Mocno ucierpiał między innymi dom rodziny Korczaków. Nawałnica zerwała dach, a do tego zniszczyła budynek gospodarczy.

- W trakcie nawałnicy nie było mnie w domu, wróciłam, to zastałam dom bez dachu - mówi pani Halina. - Tylko syn był wówczas na miejscu. Schował się w piwnicy pod stołem. Wichura tak "zassała" drzwi, że potem nie mógł wyjść. Na szczęście dom był ubezpieczony. Pomogła gmina, pomogła rodzina i bardzo szybko odbudowaliśmy wszystko. Byli jednak tacy, którzy musieli budować od nowa.

Tak prezentowały się Zawały dzień po przejściu tornada.
Tak prezentowały się Zawały dzień po przejściu tornada. Jacek Smarz

WIĘCEJ WSTRZĄSAJĄCYCH ZDJĘĆ ZNISZCZEŃ WE WSI ZAWAŁY POD TORUNIEM OBEJRZYSZ >>>> TUTAJ <<<<<

Rodzina Korczaków wspomina fruwające części dachów czy rowery. Podobno jeszcze rok po tym wydarzeniu można było znaleźć w lesie jakieś elementy budynków.

Zawały podczas tornada - drzewa łamały się jak zapałki

Duże szczęście miała też Barbara Wierzbowska.

- Nie było mnie na miejscu, bo akurat wyjechałam na wycieczkę z córką i wnuczką, a mąż poszedł na ryby - wspomina. - Jak wrócił, zobaczył, że dach zgniotło powalone drzewo, zbite były też okna.
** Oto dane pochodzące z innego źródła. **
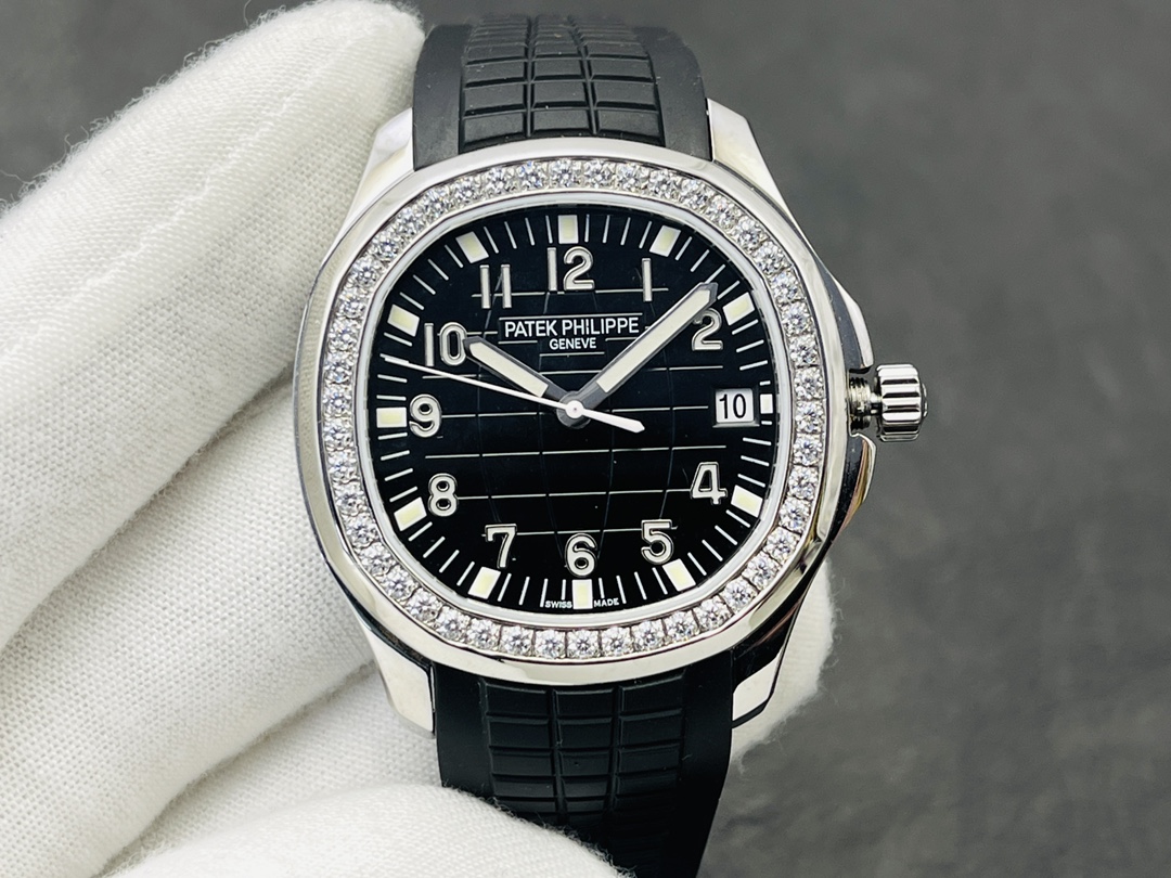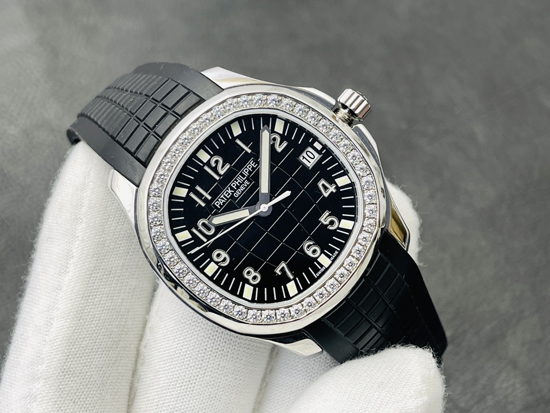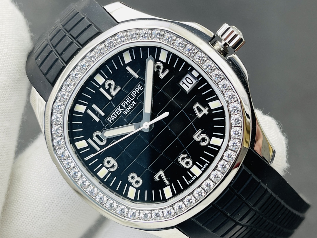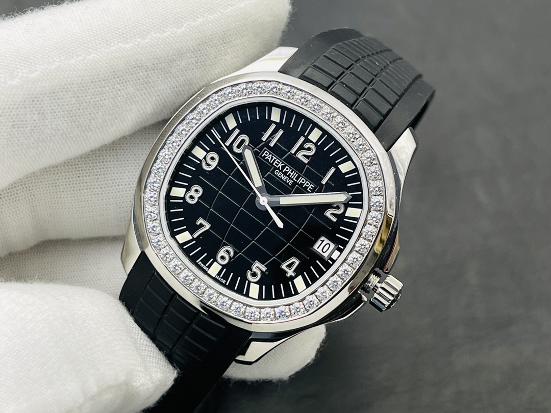 Werfen wir einen Blick auf unsere exklusive Super Clone-Version der Patek Philippe Aquanaut Luce 5267/200A-001, wo sportlicher Chic auf opulenten Luxus in dieser ikonischen "Handgranate"-Uhr trifft. Dieses atemberaubende Zeitmesser verfügt über ein perfekt proportioniertes 40 mm Gehäuse aus 904L Edelstahl, das modernen Stil mit Komfort und Robustheit für den täglichen Gebrauch vereint. Das mutige schwarze, geprägte Zifferblatt hat den ikonischen tropischen Look der Aquanaut, begleitet von üppigen arabischen Ziffern als Stundenmarkierungen, die klassischen Stil schaffen. Die Lünette ist mit 48 funkelnden Diamanten besetzt, ähnlich dem Glanz und der Präzision des Originals.

Walały się wszędzie deski i inne rzeczy. Strażacy jednak uporali się z tym drzewem. Dużo zawdzięczamy im i gminie, że szybko udało się doprowadzić do porządku. Ale tam - niech pan patrzy. Tam był las. Już go nie ma... Podobno drzewa łamały się jak zapałki.

Karol Korczak
Karol Korczak Grzegorz Olkowski

- Można powiedzieć, że mnie akurat to tornado ominęło - mówi Henryk Zieliński. - Położyło mi tylko dwa drzewa orzechowe na działce, poleciały w stronę lasu. Co ciekawe - obok miałem opartą drabinę o dach i nawet się nie przewróciła. Ale zostaliśmy odcięci od szosy warszawskiej, kilka dni upłynęło, zanim usunięto z niej konary. W odbudowę zniszczeń zaangażowali się wszyscy, była duża pomoc od gminy, nawet ksiądz pomagał.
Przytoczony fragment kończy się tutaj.